RVC Recycling
As many of you already are aware, RVC Offices offers all type of recycling free of charge to our tenants. I really love the idea of recycling as it makes so much sense but when I pass this big gas guzzling garbage truck rumbling down my street to pick up my one little tub of paper and wine bottles, I wonder if I’m really making a meaningful impact. Yet when I get to work and walk into the RVC loading dock and see our huge recycling dumpster full of cardboard and paper that gets dumped every single day, I start to feel a bit better. It seems clear to me that the real difference in recycling is made at the workplace. In fact, according to the EPA, almost 80% of paper waste in the average workplace is recyclable and commercial and residential paper waste accounts for more than 40% of the waste in our landfills. I’ve never been accused of being a mathematician but even I can figure out that eliminating this waste would nearly double the lives of our current landfills.
So, if this news makes you want to start a more comprehensive recycling program in your own office, then, according to the experts, it’s better to start small. “If you’re offering 20 different things workers can recycle on the first day, people are going to be overwhelmed,” says Jennifer Berry, a spokesperson for Earth911, a Scottsdale, Arizona-based company that hosts the nation’s largest recycling directory. “Starting small is easier, just like you would with any other new change in an organization.”

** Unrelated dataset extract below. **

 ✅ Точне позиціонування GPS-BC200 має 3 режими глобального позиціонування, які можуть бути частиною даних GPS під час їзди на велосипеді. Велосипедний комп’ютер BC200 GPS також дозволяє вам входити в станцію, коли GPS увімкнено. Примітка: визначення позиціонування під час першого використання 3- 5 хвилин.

Paper products are a typical place to start. In U.S. workplaces, one to two pounds of paper product waste is generated on average each day, according to Kent Forester, an environmental protection specialist at the EPA. Whatever you decide to recycle, it works best if you appoint a coordinator to oversee and organize the program. This person should ideally be someone who is enthusiastic about sustainability and willing to help plan and see the entire recycling initiative through.

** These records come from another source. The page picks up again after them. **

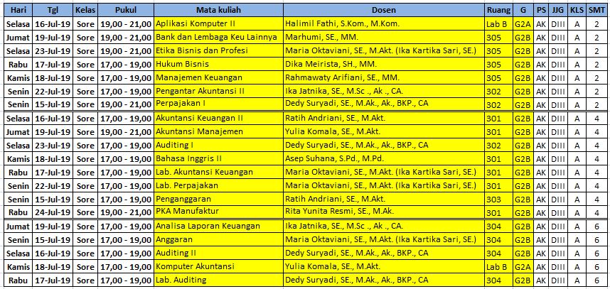 Jadwal UAS Program Studi Akuntansi (D3)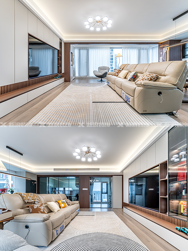 長沙裝修,滿墻電視柜與隱形門設計,新浪裝飾,電視背景墻,常德裝修,滿墻電視機柜,背景墻設計,大橫廳設計,裝修風格,木色定制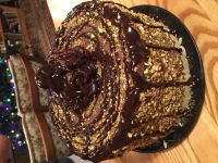 Have you ever been disappointed by a dry and tasteless chocolate cake? Well then this is the recipe for you. This is my all time favourite chocolate cake recipe. It makes a rich moist cake that tastes like chocolate. The photos below are from making four times the quantities listed in this recipe – to make a cake big enough for 100 people. The picture above is from one quantity of this cake, layered with chocolate mousse, centered with orange creme brulee, coated in chocolate glacage and decorated with tempered milk chocolate.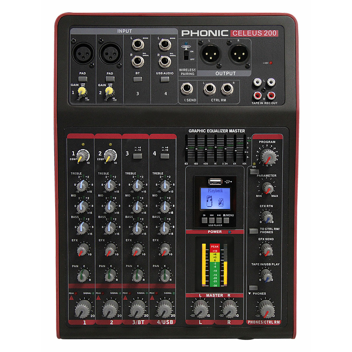 Phonic CELEUS 200 - 6-ти канальный микшерный пульт, 2 моно/микр входа, 2 стерео/лин. вх, USB плеер/рекордер, Bluetooth стримминг, воспроизведение аудио с вашего смартфона, планшета, XLR разъёмы на мастер выходе, USB аудиоинтерфейс.

Currently, our cleaning staff picks up the paper recycling from each office on every Friday. It’s be great if we had to increase that to two or three times a week because the baskets are overflowing. For us, it works best if you have one large container that each employee dumps the paper into. This way we can better manage it if it starts to get full then we can take it down to the paper recycling dumpster.
But don’t just stop at the paper, we also offer plastic, cans and glass recycling. These items may be combined in one container separate from paper and cardboard.
Please understand that our cleaning staff just doesn’t have the time or capacity to pick up the cardboard and other recyclable items, just the paper. We have all the containers down in the loading dock area just waiting to be filled up with recycling goodies. The cardboard can go into the large blue dumpster (along with any paper) but please make sure you break down any cardboard boxes nice and flat to save room for more stuff. For glass, metal and plastic we have a couple of blue 80 gallon rolling carts located in the loading dock right next to the paper/cardboard dumpster.
Hope you find this information helpful and I look forward to seeing you down in the loading dock area busily filling up our blue recycling containers with all sorts of goodies.